Tuesday, August 5, 2014

Learning about algorithms

The second full lesson of CS Unplugged focused on algorithms. In this lesson, students learned:
  • A model of a computer system
  • The concept of an algorithm
  • What makes for a “good” computer algorithm
  • Several algorithms and their costs
A computer system
We had a lot of fun first thinking about “Bean Cooking” algorithms.  Students first devised a bean cooking algorithm and then critiqued two alternative bean cooking algorithms that we acted out for them.  These examples let to discussions of "correctness" v.s. "costs".

Qualities to consider for a computer algorithm
Students worked in pairs to devise algorithms for calculating the minimum of a set of numbers and for sorting a set of numbers.  The "Decider" simulated a program and the "Comparer" simulated the CPU.

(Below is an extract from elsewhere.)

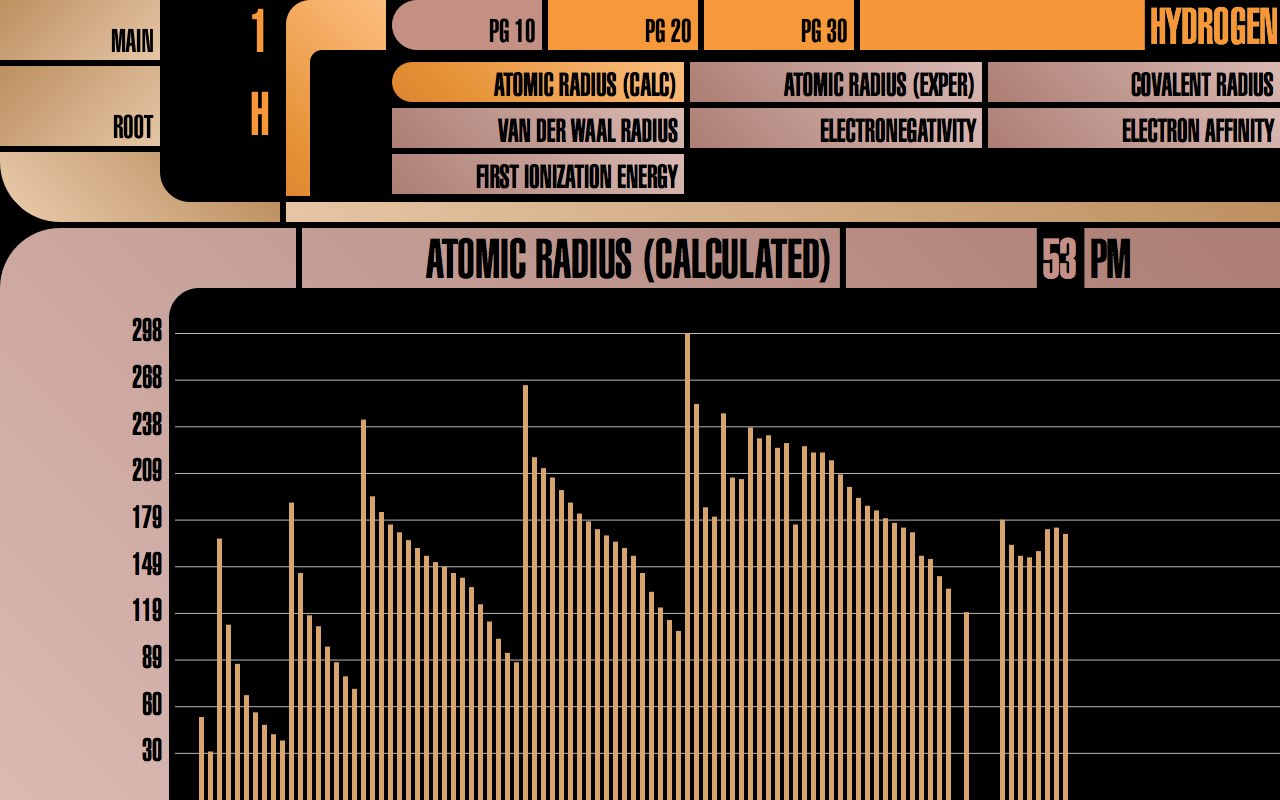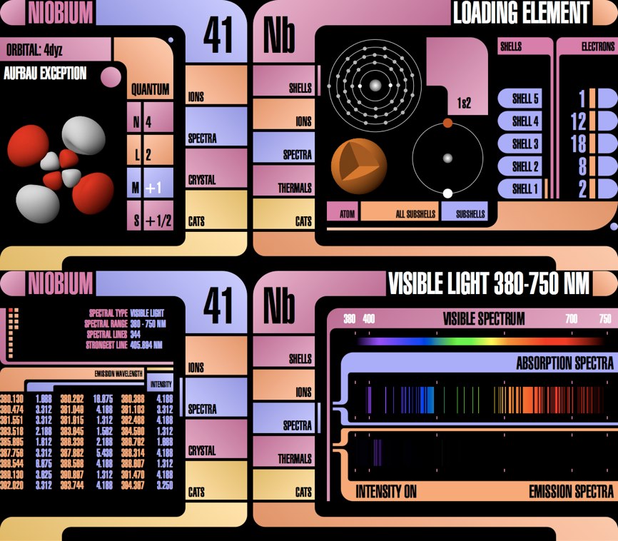 情報量はかなり多く、質量から電子各構造、結晶構造(3D)、吸収・発光スペクトル、イオン化エネルギーなど様々な情報が見られます。

Roles of the Decider and the Comparer

Working out a sort algorithm
They practiced their algorithms in pairs and counted the work involved.  Most came up with selection sort for their algorithm — fine for a small data set — not so good for sorting ID numbers of 45000 MSU students!

The algorithms that they analyzed for time efficiency

In the process of discussing these algorithms, students learned important concepts of computing — sequencing, repetition, recursion, and modularization (calling other algorithms). 

We could have used another couple of hours to do justice to the sort algorithms. We showed them queue sort as a quick demo at the very end.  The demo really got them thinking — both about why queue sort is correct and the cost tradeoffs between it and selection sort.